About this task → In the entries below, which lines run from the one containing "That’s when I" to the one containing "Эта витрина-холодильник большого"? Copy exactly those lines, ends included, and no others.

________________

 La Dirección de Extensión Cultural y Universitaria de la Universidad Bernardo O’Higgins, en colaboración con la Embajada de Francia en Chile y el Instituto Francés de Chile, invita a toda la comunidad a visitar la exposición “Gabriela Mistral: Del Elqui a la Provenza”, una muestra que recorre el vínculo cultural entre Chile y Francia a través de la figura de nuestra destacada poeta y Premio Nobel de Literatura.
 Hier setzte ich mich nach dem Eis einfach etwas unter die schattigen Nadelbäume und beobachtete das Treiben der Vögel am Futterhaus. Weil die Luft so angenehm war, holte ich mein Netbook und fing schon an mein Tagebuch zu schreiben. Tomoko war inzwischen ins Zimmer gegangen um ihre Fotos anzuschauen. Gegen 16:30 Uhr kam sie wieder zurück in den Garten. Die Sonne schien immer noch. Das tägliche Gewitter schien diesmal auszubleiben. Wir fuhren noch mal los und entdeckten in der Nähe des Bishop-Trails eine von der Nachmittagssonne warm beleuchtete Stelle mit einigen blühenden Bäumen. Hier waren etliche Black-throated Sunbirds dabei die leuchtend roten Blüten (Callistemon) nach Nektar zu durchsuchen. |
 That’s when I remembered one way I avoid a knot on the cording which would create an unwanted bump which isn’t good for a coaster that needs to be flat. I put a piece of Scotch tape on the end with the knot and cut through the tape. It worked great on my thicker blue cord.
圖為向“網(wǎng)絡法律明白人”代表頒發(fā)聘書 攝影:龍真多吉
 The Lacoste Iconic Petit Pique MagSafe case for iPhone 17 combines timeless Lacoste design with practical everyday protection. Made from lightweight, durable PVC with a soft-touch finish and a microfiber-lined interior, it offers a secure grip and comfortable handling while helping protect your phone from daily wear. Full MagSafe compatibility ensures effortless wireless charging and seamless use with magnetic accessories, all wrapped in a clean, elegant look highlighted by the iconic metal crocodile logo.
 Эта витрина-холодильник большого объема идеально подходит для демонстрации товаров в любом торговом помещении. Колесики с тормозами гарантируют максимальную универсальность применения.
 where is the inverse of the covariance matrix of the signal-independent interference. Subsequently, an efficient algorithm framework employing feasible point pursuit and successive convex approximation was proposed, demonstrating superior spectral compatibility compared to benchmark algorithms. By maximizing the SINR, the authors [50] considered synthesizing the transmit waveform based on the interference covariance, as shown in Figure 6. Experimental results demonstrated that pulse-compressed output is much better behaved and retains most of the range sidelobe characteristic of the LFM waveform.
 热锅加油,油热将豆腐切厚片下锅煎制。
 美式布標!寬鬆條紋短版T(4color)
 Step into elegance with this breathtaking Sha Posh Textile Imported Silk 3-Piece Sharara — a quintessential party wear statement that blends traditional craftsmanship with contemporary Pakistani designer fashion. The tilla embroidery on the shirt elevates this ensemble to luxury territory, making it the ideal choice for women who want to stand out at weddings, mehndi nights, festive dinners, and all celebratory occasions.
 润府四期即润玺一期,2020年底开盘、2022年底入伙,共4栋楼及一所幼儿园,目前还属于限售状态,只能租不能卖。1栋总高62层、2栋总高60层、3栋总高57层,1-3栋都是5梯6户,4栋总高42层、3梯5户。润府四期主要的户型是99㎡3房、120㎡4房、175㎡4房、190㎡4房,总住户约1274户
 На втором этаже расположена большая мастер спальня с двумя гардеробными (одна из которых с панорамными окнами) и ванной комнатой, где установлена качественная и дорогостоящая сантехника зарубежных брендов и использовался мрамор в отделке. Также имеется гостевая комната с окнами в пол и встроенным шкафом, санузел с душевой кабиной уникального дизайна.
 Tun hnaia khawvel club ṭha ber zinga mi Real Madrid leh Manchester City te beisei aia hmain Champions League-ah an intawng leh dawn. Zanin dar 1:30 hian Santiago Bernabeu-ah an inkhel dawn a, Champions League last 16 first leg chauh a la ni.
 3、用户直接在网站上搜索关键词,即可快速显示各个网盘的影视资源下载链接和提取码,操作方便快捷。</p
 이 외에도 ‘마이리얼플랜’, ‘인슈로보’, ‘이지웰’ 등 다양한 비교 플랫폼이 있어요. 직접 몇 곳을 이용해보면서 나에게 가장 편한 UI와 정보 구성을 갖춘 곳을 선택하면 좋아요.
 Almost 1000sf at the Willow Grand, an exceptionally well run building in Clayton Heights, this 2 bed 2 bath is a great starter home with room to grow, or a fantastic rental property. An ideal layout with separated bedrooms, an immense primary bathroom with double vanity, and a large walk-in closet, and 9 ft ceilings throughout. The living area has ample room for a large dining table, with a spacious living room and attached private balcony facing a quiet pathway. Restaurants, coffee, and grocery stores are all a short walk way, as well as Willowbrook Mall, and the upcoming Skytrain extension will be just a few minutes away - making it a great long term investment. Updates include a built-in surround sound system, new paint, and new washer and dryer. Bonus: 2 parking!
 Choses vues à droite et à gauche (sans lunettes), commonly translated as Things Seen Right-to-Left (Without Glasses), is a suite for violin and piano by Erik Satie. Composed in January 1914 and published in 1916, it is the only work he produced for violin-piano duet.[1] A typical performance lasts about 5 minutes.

________________

Task answer →
 That’s when I remembered one way I avoid a knot on the cording which would create an unwanted bump which isn’t good for a coaster that needs to be flat. I put a piece of Scotch tape on the end with the knot and cut through the tape. It worked great on my thicker blue cord.
圖為向“網(wǎng)絡法律明白人”代表頒發(fā)聘書 攝影:龍真多吉
 The Lacoste Iconic Petit Pique MagSafe case for iPhone 17 combines timeless Lacoste design with practical everyday protection. Made from lightweight, durable PVC with a soft-touch finish and a microfiber-lined interior, it offers a secure grip and comfortable handling while helping protect your phone from daily wear. Full MagSafe compatibility ensures effortless wireless charging and seamless use with magnetic accessories, all wrapped in a clean, elegant look highlighted by the iconic metal crocodile logo.
 Эта витрина-холодильник большого объема идеально подходит для демонстрации товаров в любом торговом помещении. Колесики с тормозами гарантируют максимальную универсальность применения.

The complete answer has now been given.